The following link provides a gallery of many of these extensions:
[ggplot2 extensions](http://www.ggplot2-exts.org/gallery)
Some others that are usefull are `ggjoy` and `GGally`.
## ggjoy
Make sure `ggjoy` is installed.
```
install.packages("ggjoy")
```
`ggjoy` gives us the ability to stack kernel density plots.
```{r}
ggplot(tidy_acs, aes(x = median_income, y = location_last_year, group(location_last_year))) +
ggjoy::geom_joy() +
ggjoy::theme_joy()
```
This plot shows us that, on average, the distance moved in the past year is inversely related to median income.
## scatterplot matrix (GGally::ggscatmat)

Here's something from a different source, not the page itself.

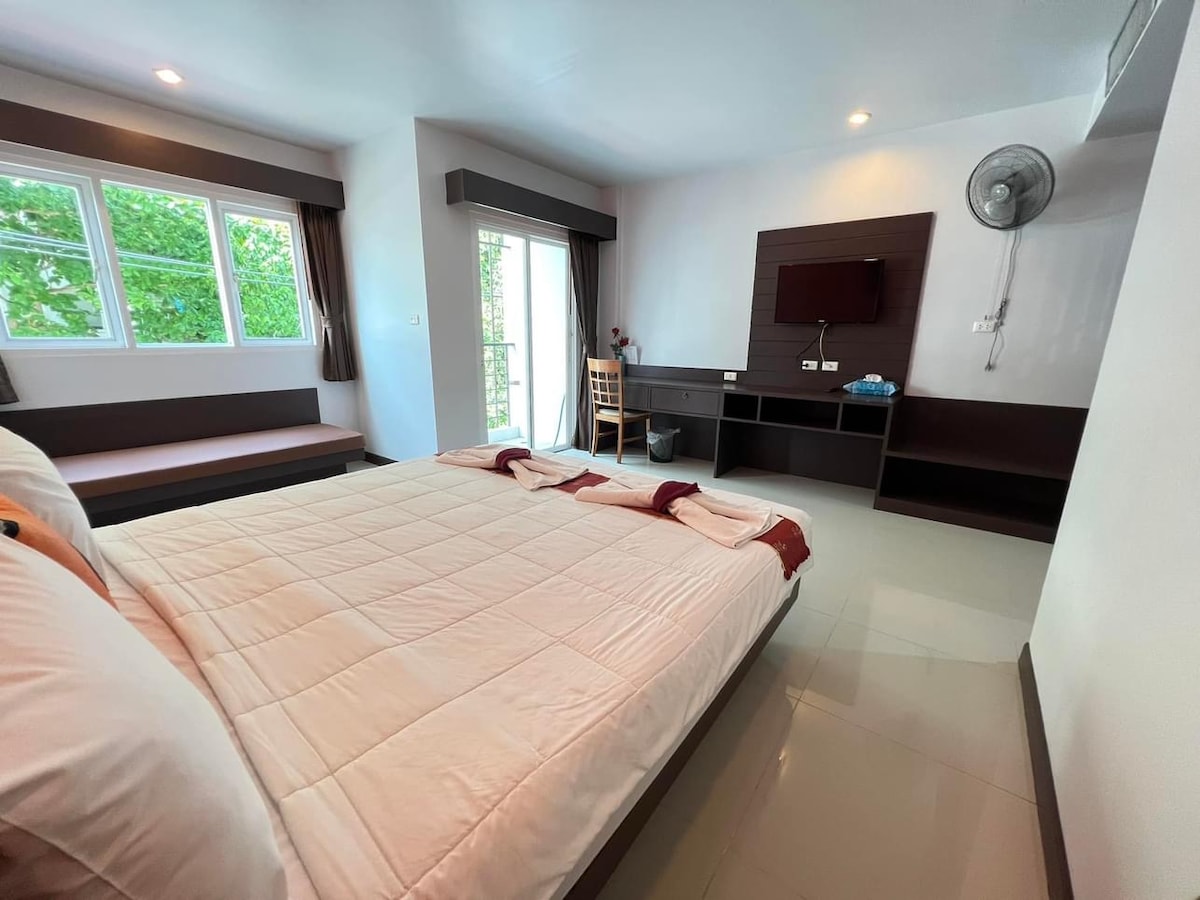 Camera doppia con bagno in comune in ostello. Niece Hostel è situato nel cuore di Choeng Thale. Offriamo camere private in stile bagno e doccia in comune. camera con aria condizionata, wifi gratuito. Dotato di un salotto condiviso, una terrazza. Local fresh market , 7-11 , CP Fresh mart ,Pharmacy and many local shops/restaurants are all located opposite our hostel. Choeng Thale Provincial Police station a soli 500 metri. Il supermercato si trova a 5 minuti a piedi dall'ostello.

Make sure you have `GGally` installed.
```
install.packages("GGally")
```
One particular library, [GGally](http://ggobi.github.io/ggally/), has a great set of visualizations
to extend those that come prebuilt with `ggplot`. One common visualization tool that is missing from
ggplot is the scatterplot matrix. While base R provides `splom()` in the `lattice` library,
`GGally::ggpairs` and `GGally::ggscatmat` pr ovide an easy tool to create a scatterplot matrix with
ggplot2.
```{r}
acs_mobility %>%
as.data.frame() %>%
GGally::ggscatmat(columns = 2:ncol(.), alpha = 0.1)
```
## Assignment
Go to [American FactFinder](https://factfinder.census.gov/). Follow the steps above up until the point where
we typed out "income mobility". This time pick another keyword to search for and select a different table to
analyze (make sure this will give you more than two columns of data you would like to compare).
Use `ggscatmat()` to visualize the variables that interest you. Keep the filenames as they are provided by the
Census, so I can run your R Markdown file.